What is the nature of radiation from an oscillating electric monopole?

In summary, the author claims that because an electric field exists, there cannot be an electric monopole - a situation where the field is concentrated at a single point. Furthermore, they state that because we are not at rest with respect to our sphere, we can only measure the effects of a moving electric charge - and that this is not, by definition, radiation.
  • #1
HarryWertM
99
0
From another Physicsforums thread I found this outstanding webpage:
http://www.lightandmatter.com/html_books/genrel/ch09/ch09.html"

which contains this startling statement:
In electromagnetism, conservation of charge forbids the existence of an oscillating electric monopole.

Suppose you place a highly charged ball in space and oscillate it with an insulating piston connected to a simple mechanical engine which is in turn connected to a non conducting inertial mass.

Do you not have an oscillating electric monopole?

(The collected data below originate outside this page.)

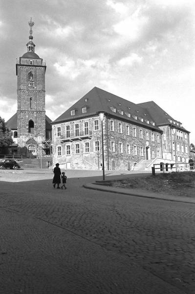 Direkt unterhalb der Nikolaikirche befinden sich Rathaus und markt. Die Ursprünge des Rathauses gehen auf ein mittelalterliches Kaufhaus zurück, wo Bäcker und Metzger ihre Produkte anpriesen und Händler Dinge des täglichen Bedarfs verkauften. Die erste urkundliche Erwähnung des Kaufhauses datiert in das Jahr 1303. Das Gebäude diente jedoch nicht nur dem Handel, es wurde für die Sitzungen des Rates, als Gefängnis und Folterkammer genutzt. Auf dem Dachboden lagerte man das Korn, im Keller befand sich die Rüstkammer. Außerdem stand ein Festsaal der wohlhabenden Bevölkerung für Feierlichkeiten zur Verfügung. Ende des 18. Jahrhunderts war das mehrfach veränderte Gebäude baufällig geworden. Die Stadt entschied sich für einen Neubau, der zwischen 1782 und 1788 realisiert wurde. Wachsende Einwohnerzahlen und veränderte Verwaltungsstrukturen machten in der Folgezeit immer wieder Veränderungen notwendig, auch um dem steigenden Raumbedarf gerecht zu werden. Nach den Zerstörungen des 2. Weltkrieges entschied sich die Stadtverwaltung für einen Neubau nach den Plänen der Architekten Meckel und Köhne, die sich an der alten Bauform orientierten. Neben dem Rathaus am Markt im Zentrum der alten Kernstadt Siegen nutzt die Stadtverwaltung heute weitere Standorte in Weidenau und Geisweid.
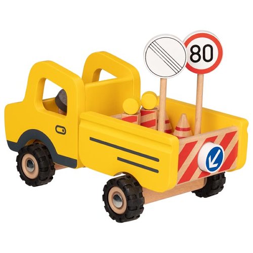 Ein Holzauto, gemacht für den täglichen Einsatz auf der Straße. Als robustes Baustellenfahrzeug, ausgerüstet mit dem notwendigen Zubehör für die kleinen Ausbesserungen des Straßenbelages. Die speziell für Kinderhände konzipierten, formschönen, offenen Seitenteile und eine hochwertige Gummibereifung erhöhen die Bespielbarkeit.
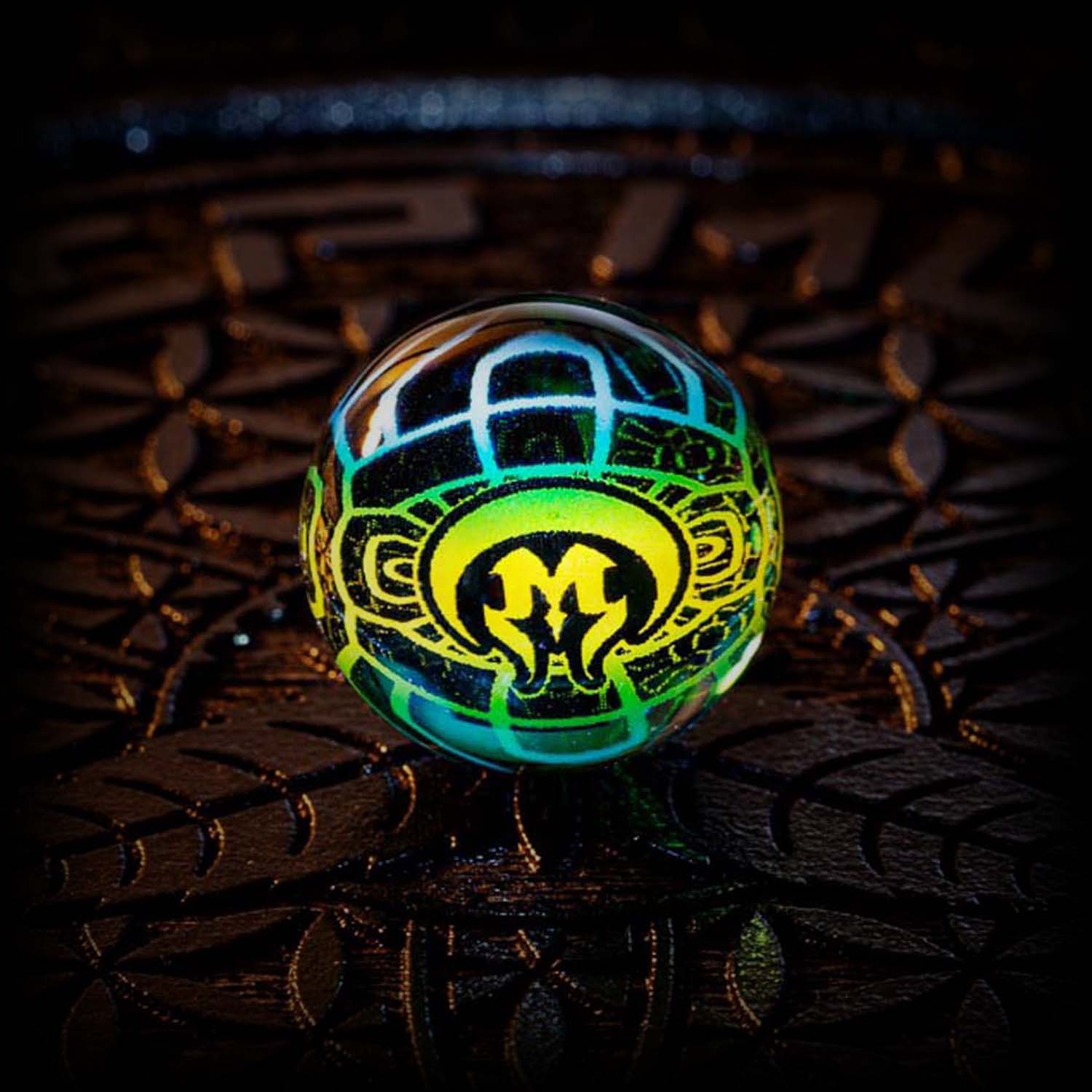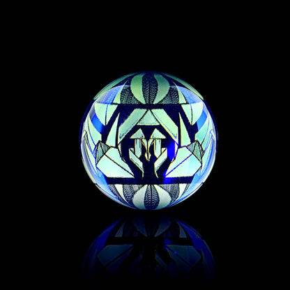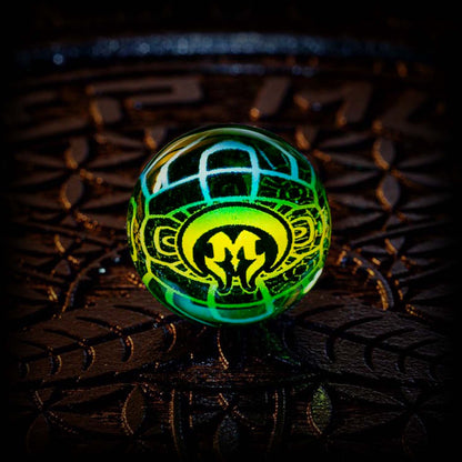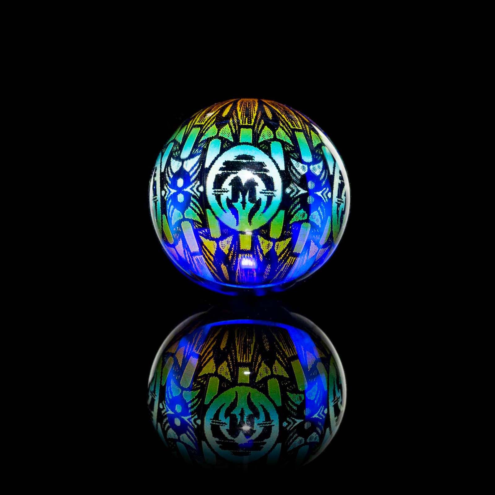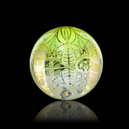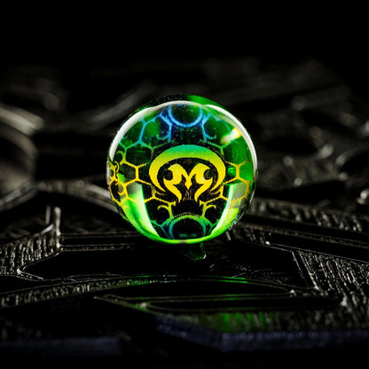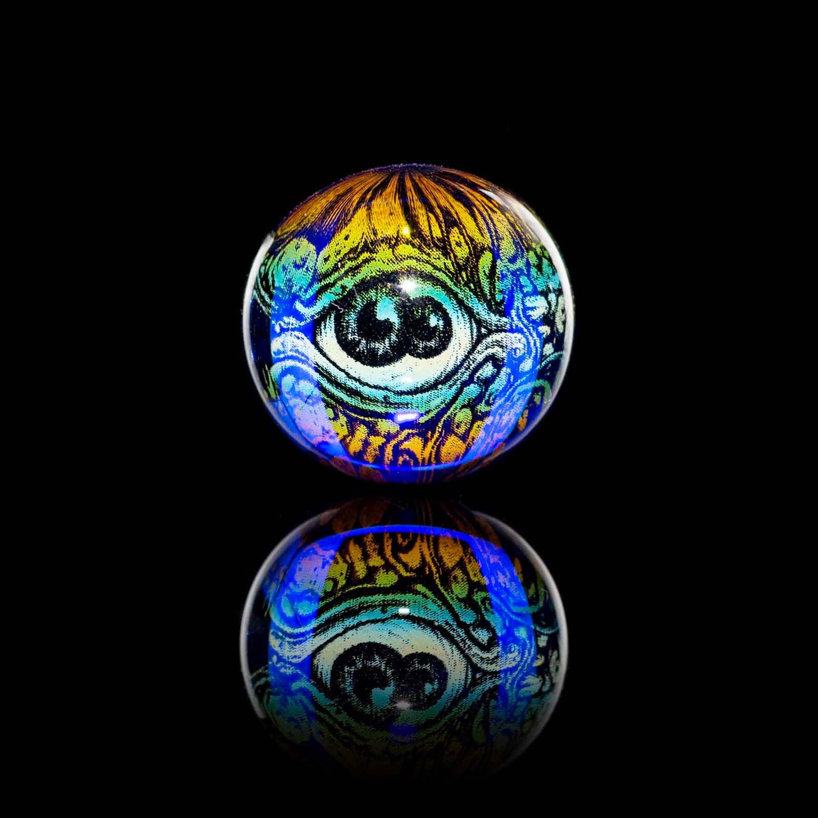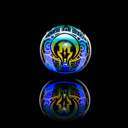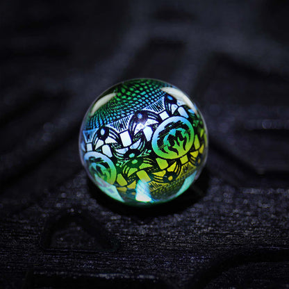 The Mothership Glass Hologram Slurper Marble measures 18mm-21mm and is designed for compatibility with slurper-style bangers.

Or, consider a very long straight wire connected at both ends to small spheres. A current is generated in the wire by a "pioint sized" generator. Charges are built up on the two spheres, but they are so far apart you can easily detect the field from the nearest sphere independently of the other.

Effectively, measurably, an electric monopole?

Would the waves from these travel at c?

Is there a solution to Maxwell's equations for these?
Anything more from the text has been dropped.